▶ **What you will do**: Going from the line that contains "Sunt atat de" through the last line of the records, set down each line again exactly, both included, with pictures left out.
---*---
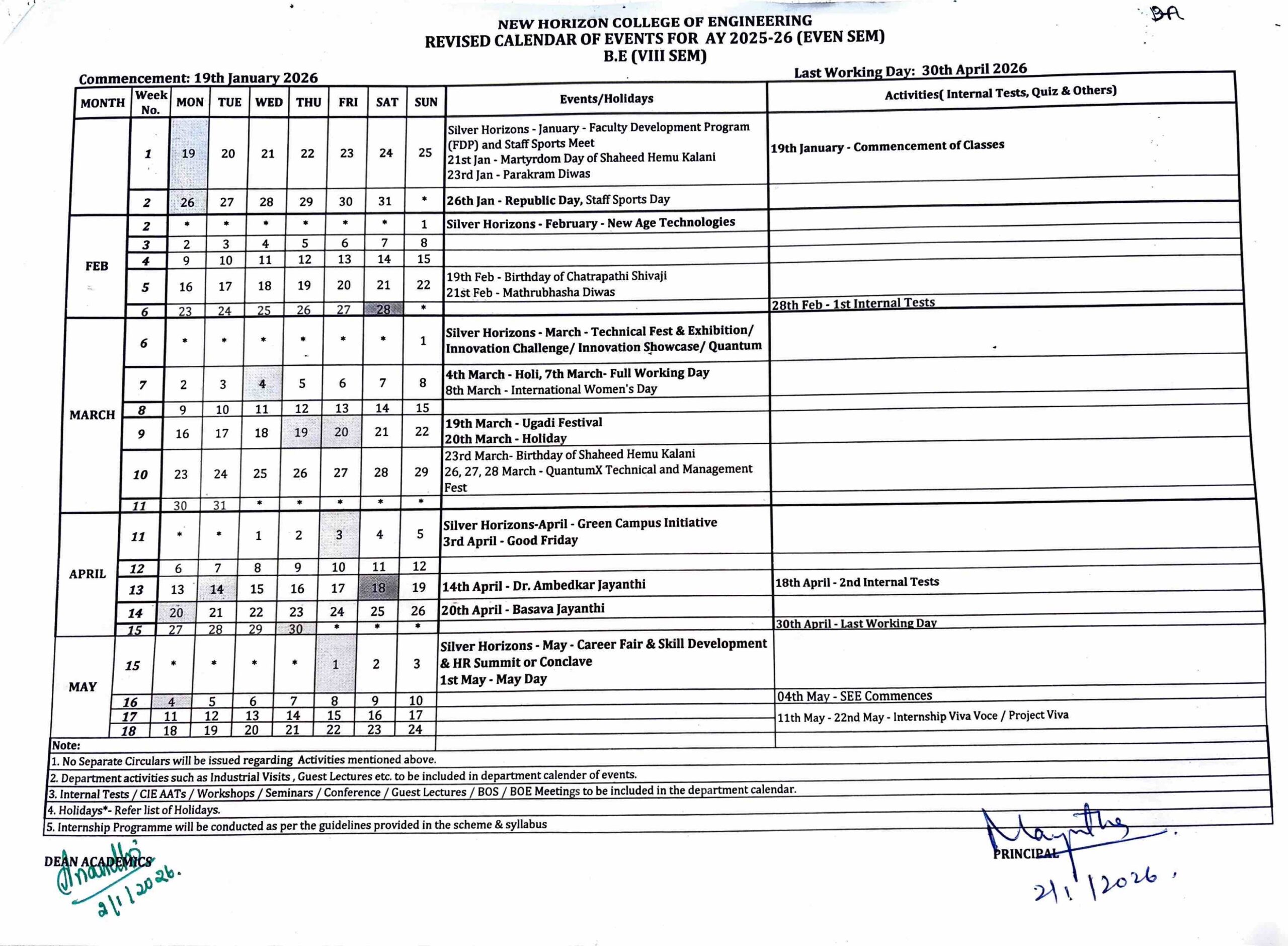 - Revised 8th sem Calendar of Events- LWD 25th May
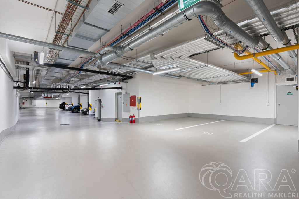 ✔️ Parkovací stání v garážové hale (12 m²) se samostatnou zásuvkou pro nabíjení elektromobilu + možnost pronájmu druhého stání (14 m²)
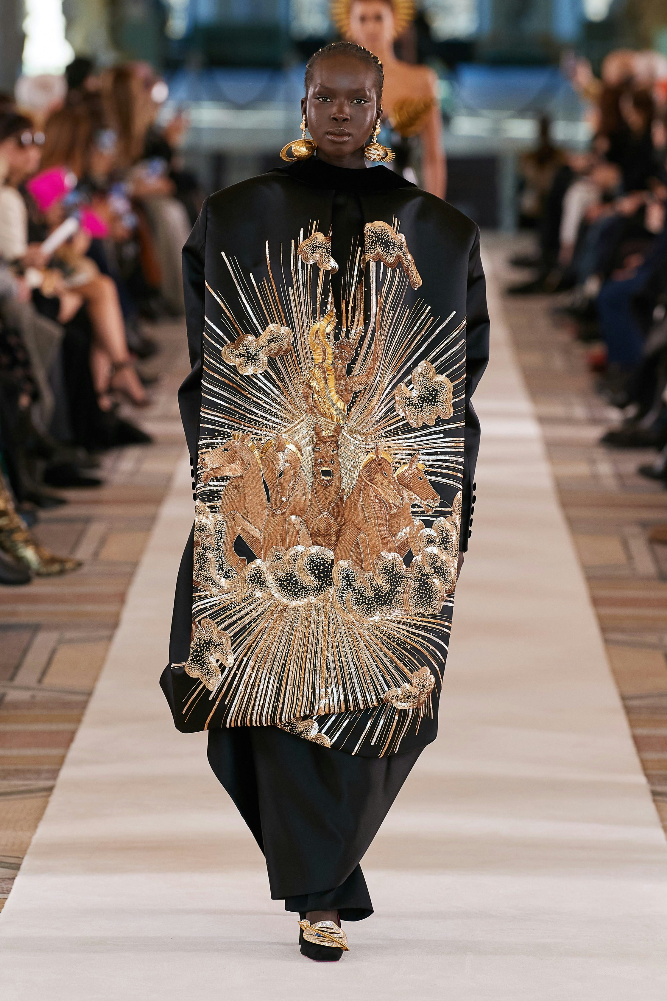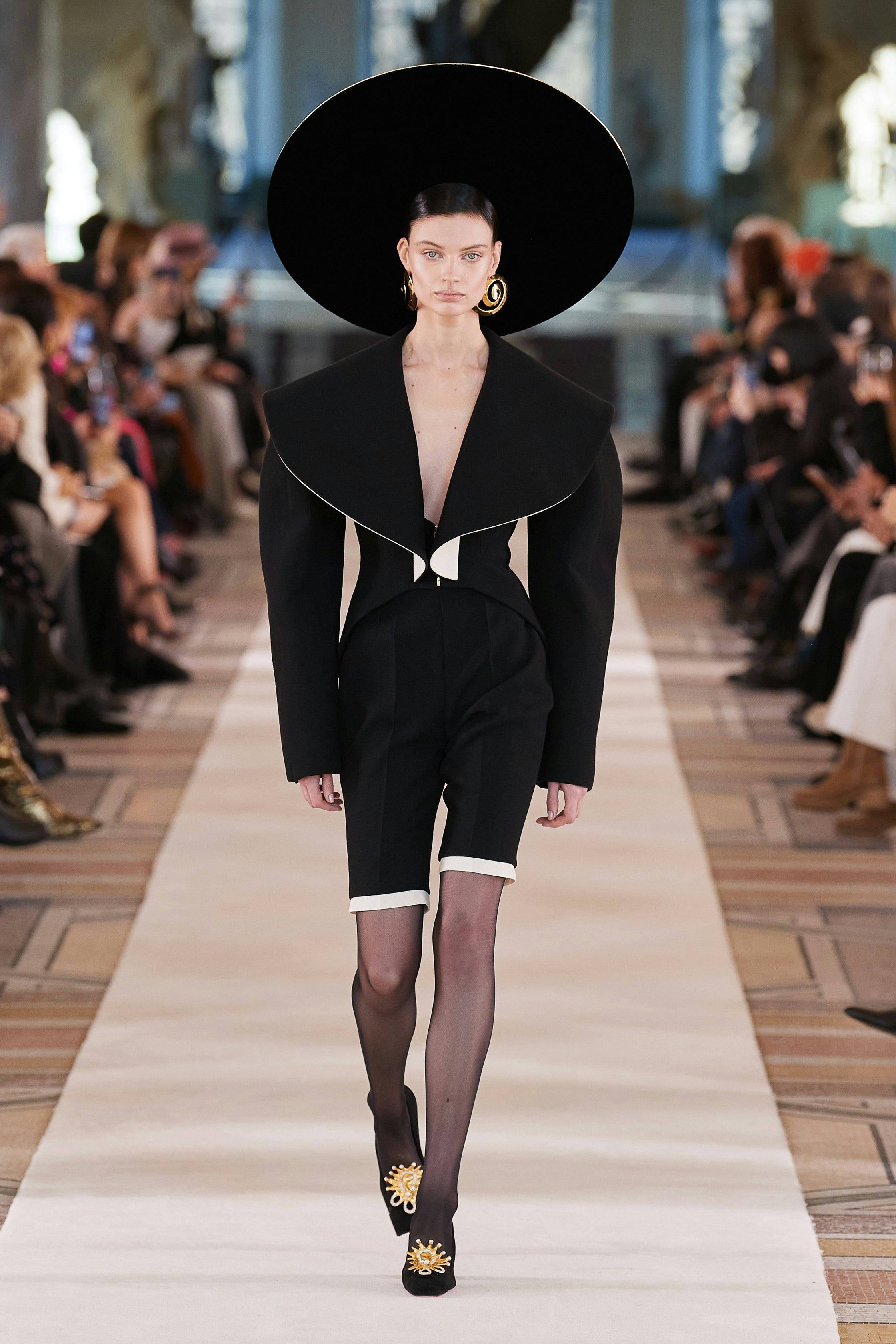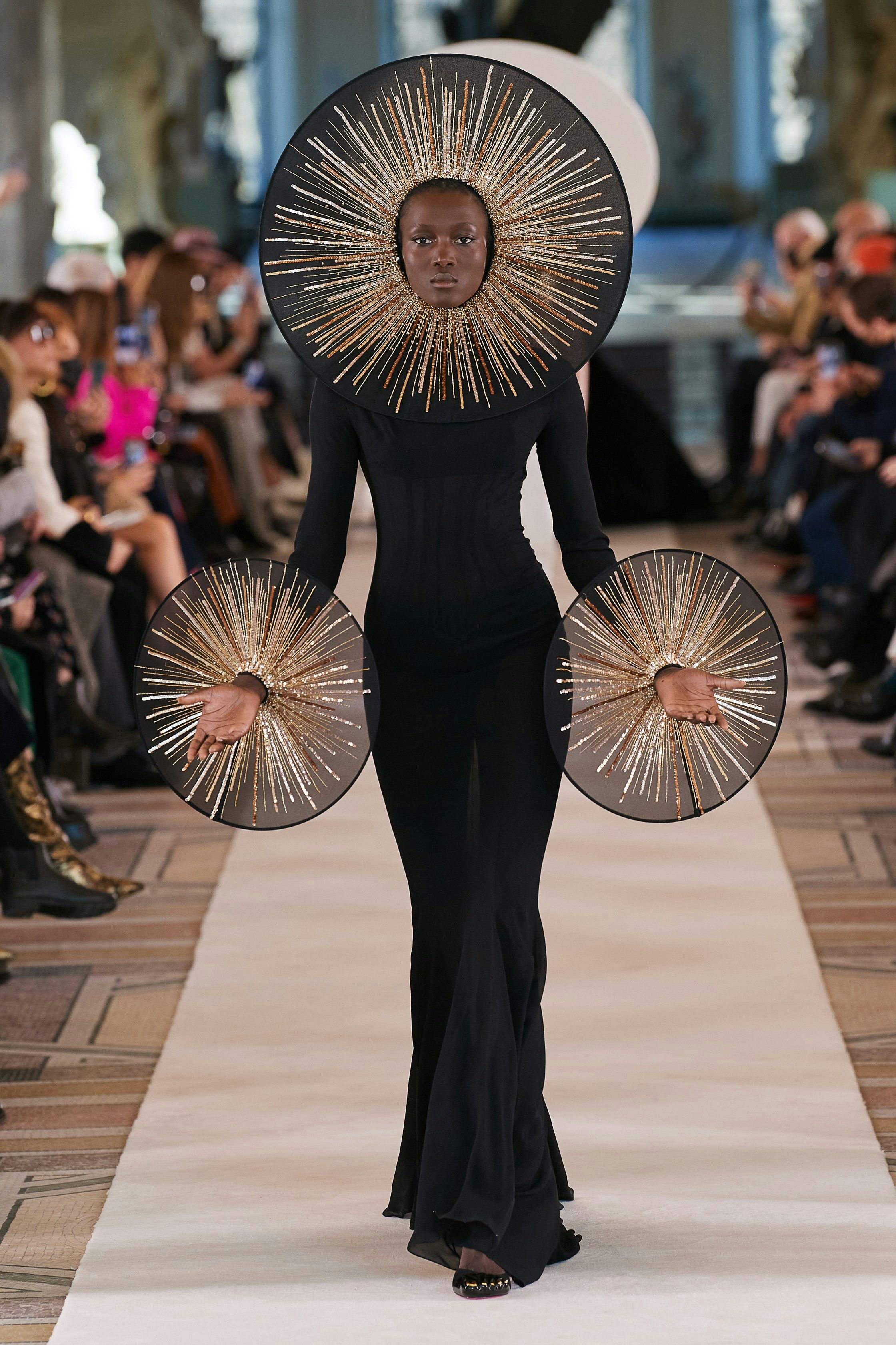 Den Anfang machte Schiaparelli mit Designer Daniel Roseberry. Er flüchtete sich angesichts der Pandemie ins Kino: „Dune“, „Prometheus“, „Interstellar“ waren nur einige der Filme, die er sich ansah, wie er der Vogue erzählte. Eskapismus, dank Corona ist dieses Thema noch mehr omnipräsent, siehe auch das Metaverse. In die ferne Galaxie konnte man auch bei der Couture-Modenschau des Traditionshauses abtauchen, vergoldete Bustiers, Messingringe, Tentakeln – Science-Fiction-Elemente gab es en masse. Doch was bleibt ohne diese zauberhaften Details? Fantastische Schnitte, luxuriöse Materialien, die Farbe Schwarz. Und das Wissen, dass Grandezza nicht immer etwas mit Volumen, Farben und Glitzer zu tun hat, sondern sich besonders in der richtigen Akzentuierung des Körpers findet. Manfred Thierry Mugler hätte das bestimmt gefallen ...
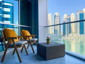 Located in Dubai Marina, La Buena Vida Holiday Homes - Exquisite Spacious Luxe 1BR Apt is a spacious apartment featuring a full marina view and an equipped kitchen. This one-room property includes three beds and offers mountain views from its balcony. It lies just 1 km from Marina Beach and is close to The Walk at JBR.
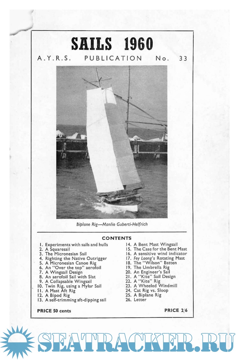 Year: 1960 Language: english Author: A.Y.R.S. Genre: Collection of books Publisher: A.Y.R.S. Format: PDF Quality: Scanned pages Pages count: 56 Description: The AYRS is a UK registered Educational Charity (No 234081) dedicated to finding out how to make yachting better (faster, more fun, whatever you want it to be). Our members run from sober sided professional yacht designers and builders to bearded eccentrics full of ideas that they cannot make work.From our members have come the modern sailing multihulls, self-steering gear, sailboards, a flock of successful sailing hydrofoils, the World Speed Sailing Record system, etc. Now people are taking off with kiteboats and autogyro-sails, and the first amphibious bicycle.
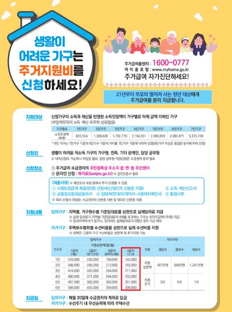 지원 대상은 주거급여 수급가구 내 만 19~30세 미만 미혼자녀로, 부모와 청년이 주민등록상 시·군을 달리하는 경우에 인정된다. 단, 같은 지역이라도 대중교통 이용 가능성이나 소요시간, 신체적 장애 등 부득이한 사유가 있다면 예외가 인정된다. 이와 관련 내년도 주거급여 선정기준은 △1인 가구 82만2524원 △2인 가구 138만9636원 △3인 가구 179만2778원 △4인 가구 219만4331원 등이다.
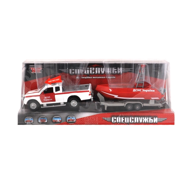 Sunt atat de aproape de prototipurile reale. Setul include: un model auto a unui vehicul de salvare, o remorca si o barca de patrulare moderna. Miscarea masinii este insotita de semnale luminoase si sonore. Jucaria dezvolta imaginatia si abilitatile creative. Varsta recomandata - de la 3 ani. Efectele de iluminare si sunet sunt alimentate cu 3 baterii AG3 (incluse).Confectionat din metal si mase plastice.
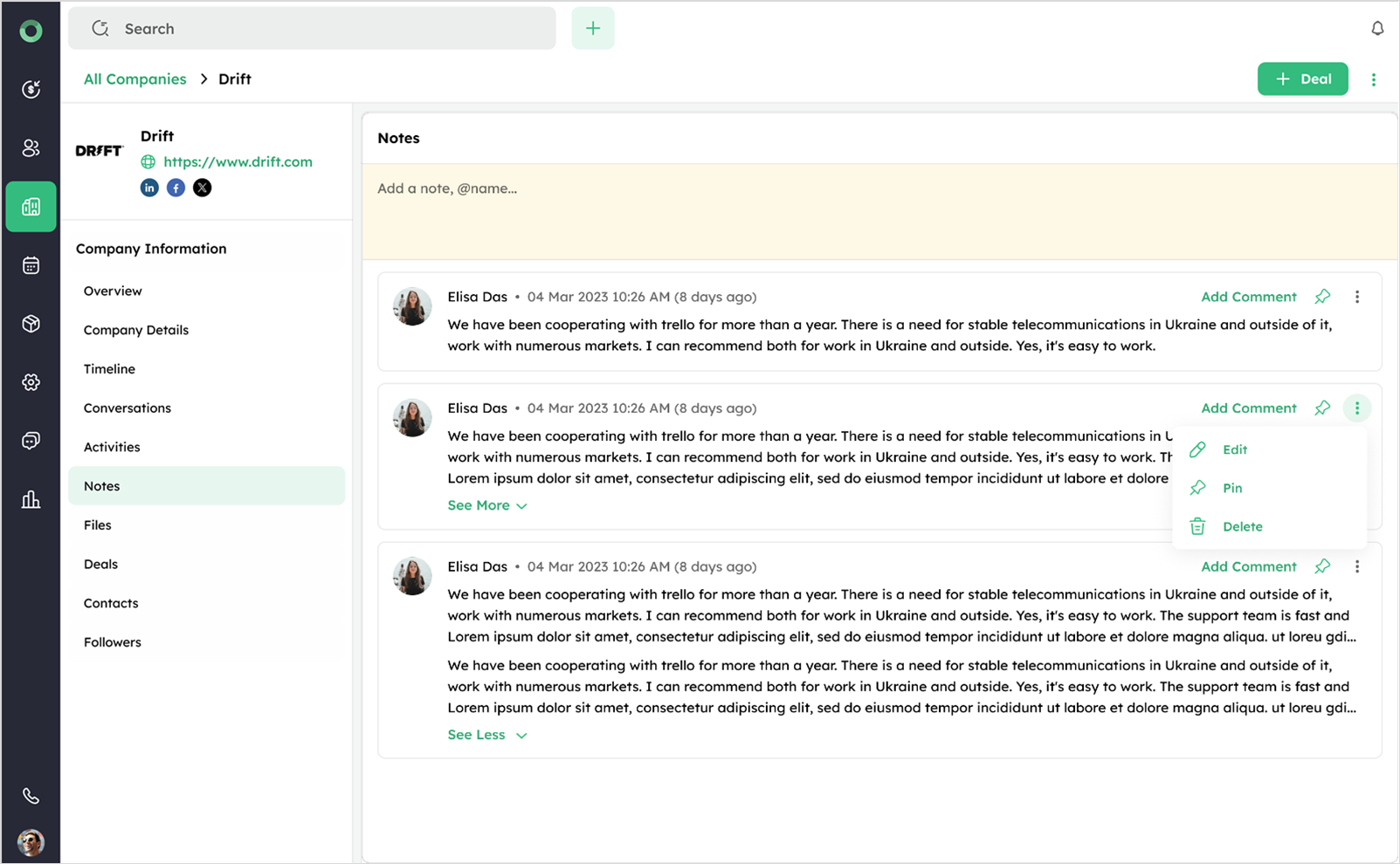 | Note Edited | An existing note about the company was updated with revised details. |
---*---
▶ **Your solution**:
 Sunt atat de aproape de prototipurile reale. Setul include: un model auto a unui vehicul de salvare, o remorca si o barca de patrulare moderna. Miscarea masinii este insotita de semnale luminoase si sonore. Jucaria dezvolta imaginatia si abilitatile creative. Varsta recomandata - de la 3 ani. Efectele de iluminare si sunet sunt alimentate cu 3 baterii AG3 (incluse).Confectionat din metal si mase plastice.
 | Note Edited | An existing note about the company was updated with revised details. |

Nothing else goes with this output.